The origins of the border date from the mid-19th century, when the Russian Empire expanded into Central Asia and was able to establish its control over the Lake Zaysan region. The establishment of the border between the Russian Empire and the Qing Empire, not too different from today's Sino-Kazakh/Kyrgyz/Tajik border was provided for in the Convention of Peking of 1860; the actual border line pursuant to the convention was drawn by the Treaty of Tarbagatai (1864) and the Treaty of Uliassuhai (1870), leaving Lake Zaysan on the Russian side. The Qing Empire's military presence in the Irtysh basin crumbled during the Dungan revolt (1862–77). After the fall of the rebellion and the reconquest of Xinjiang by Zuo Zongtang, the border between the Russian and the Qing empires in the Ili River basin was further slightly readjusted, in Russia's favour, by the Treaty of Saint Petersburg (1881) and a series of later protocols. In 1915 an agreement was signed more precisely delimiting the border in the Ili Valley and Dzungarian Alatau region.
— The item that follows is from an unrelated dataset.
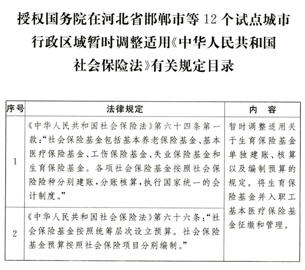新華社北京12月25日電 全國(guó)人民代表大會(huì)常務(wù)委員會(huì)關(guān)于授權(quán)國(guó)務(wù)院在河北省邯鄲市等12個(gè)試點(diǎn)城市行政區(qū)域暫時(shí)調(diào)整適用《中華人民共和國(guó)社會(huì)保險(xiǎn)法》有關(guān)規(guī)定的決定 (2016年12月25日第十二屆全國(guó)人民代表大會(huì)常務(wù)委員會(huì)第二十五次會(huì)議通過(guò)) 為進(jìn)一步增強(qiáng)生育保險(xiǎn)保障功能,提高社會(huì)保險(xiǎn)基金共濟(jì)能力,推進(jìn)生育保險(xiǎn)和基本醫(yī)療保險(xiǎn)合并實(shí)施改革,第十二屆全國(guó)人民代表大會(huì)常務(wù)委員會(huì)第二十五次會(huì)議決定:授權(quán)國(guó)務(wù)院在河北省邯鄲市、山西省晉中市、遼寧省沈陽(yáng)市、江蘇省泰州市、安徽省合肥市、山東省威海市、河南省鄭州市、湖南省岳陽(yáng)市、廣東省珠海市、重慶市、四川省內(nèi)江市、云南省昆明市行政區(qū)域暫時(shí)調(diào)整適用《中華人民共和國(guó)社會(huì)保險(xiǎn)法》第六十四條、第六十六條關(guān)于生育保險(xiǎn)基金單獨(dú)建賬、核算以及編制預(yù)算的規(guī)定(目錄附后),將生育保險(xiǎn)基金并入職工基本醫(yī)療保險(xiǎn)基金征繳和管理。試點(diǎn)方案由國(guó)務(wù)院作出安排,并報(bào)全國(guó)人民代表大會(huì)常務(wù)委員會(huì)備案。本決定實(shí)施期限為二年。 國(guó)務(wù)院及其人力資源社會(huì)保障、財(cái)政、衛(wèi)生計(jì)生等部門要遵循保留險(xiǎn)種、保障待遇、統(tǒng)一管理、降低成本的總體思路,加強(qiáng)對(duì)試點(diǎn)工作的組織指導(dǎo)和監(jiān)督檢查,及時(shí)總結(jié)經(jīng)驗(yàn),并就暫時(shí)調(diào)整適用有關(guān)法律規(guī)定的情況向全國(guó)人民代表大會(huì)常務(wù)委員會(huì)作出報(bào)告。對(duì)實(shí)踐證明可行的,修改完善有關(guān)法律規(guī)定;對(duì)實(shí)踐證明不宜調(diào)整的,恢復(fù)施行有關(guān)法律規(guī)定。 本決定自2017年1月1日起施行。

The southernmost section of the frontier (i.e. roughly the southern half of the modern China–Tajikistan border) remained undemarcated, owing partly to the ongoing rivalry between Britain and Russia for dominance in Central Asia known as the Great Game; eventually the two agreed that Afghanistan would remain an independent buffer state between them, with Afghanistan's Wakhan Corridor being created in 1895. China was not a party to these agreement and hence the southernmost section of the China-Russia boundary remained undefined.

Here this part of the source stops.